I am deeply disappointed in Senator Levin, whom I generally respect, but who is sometimes enthralled with the arcane procedures of the Senate. I say its time to restore simple majority rule and government that functions. Go nuclear!

This also requires that Republicans must abandon the equally unconstitutional "Hastert Rule," i.e., majority of the majority procedural rule in the House, which originated with the disgraced former Speaker Newt Gingrich (the Speaker will not allow a vote on a bill to take place unless the majority of the majority party supports the bill). Under the current makeup of the GOP majority in the House, this gives a minority of Tea Party loons veto power over simple majority rule — Democrats and moderate Republicans combined.

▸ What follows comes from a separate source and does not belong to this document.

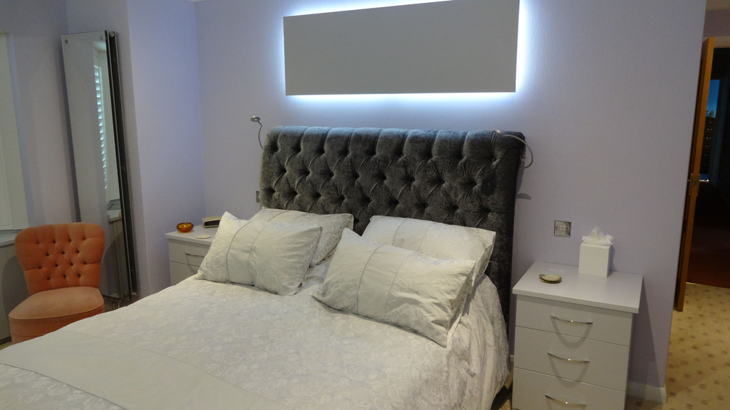 A large 4 drawer lowboy under the front aspect with a pair of bedside cabinets complete the set. I installed pelmet lighting as well as lighting inside the wardrobes.
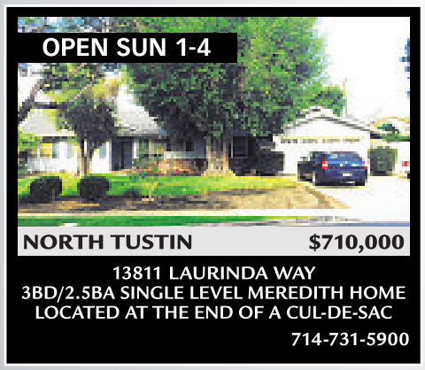 13811 LAURINDA WAY 3BD/2.5BA SINGLE LEVEL MEREDITH HOME LOCATED AT THE END OF A CUL-DE-SAC 714-731-5900

Ditch the unconstitutional senate Filibuster Rules and the equally unconstituional Hastert Rule in the House, and maybe the next 113th Congress will actually be functional. The 112th "less-than-do-nothing" Tea-Publican Congress has been the "Worst. Congress. Ever."

UPDATE: Steven Perlstein comments on the "fiscal cliff" compromise, Congress tries democracy for a change!

What happened yesterday was that things worked the way the framers of
the Constitution imagined they would work. The Senate took up a bill
without unanimous consent, debated and acted on it without the losers
resorting to a filabuter. And the House reverted to majority rule. By
honoring his promise to the president and Senate Minority Leader Mitch
McConnell (R-Ky.) to bring up any Senate-passed bill, Boehner (R-Ohio)
agreed to set aside the “majority of the majority” standard and allowed a
centrist, bipartisan coalition to work its will — in this case over the
objection of a majority of the Republican caucus.

This is the template for doing difficult things in Congress. In fact it, is the only template.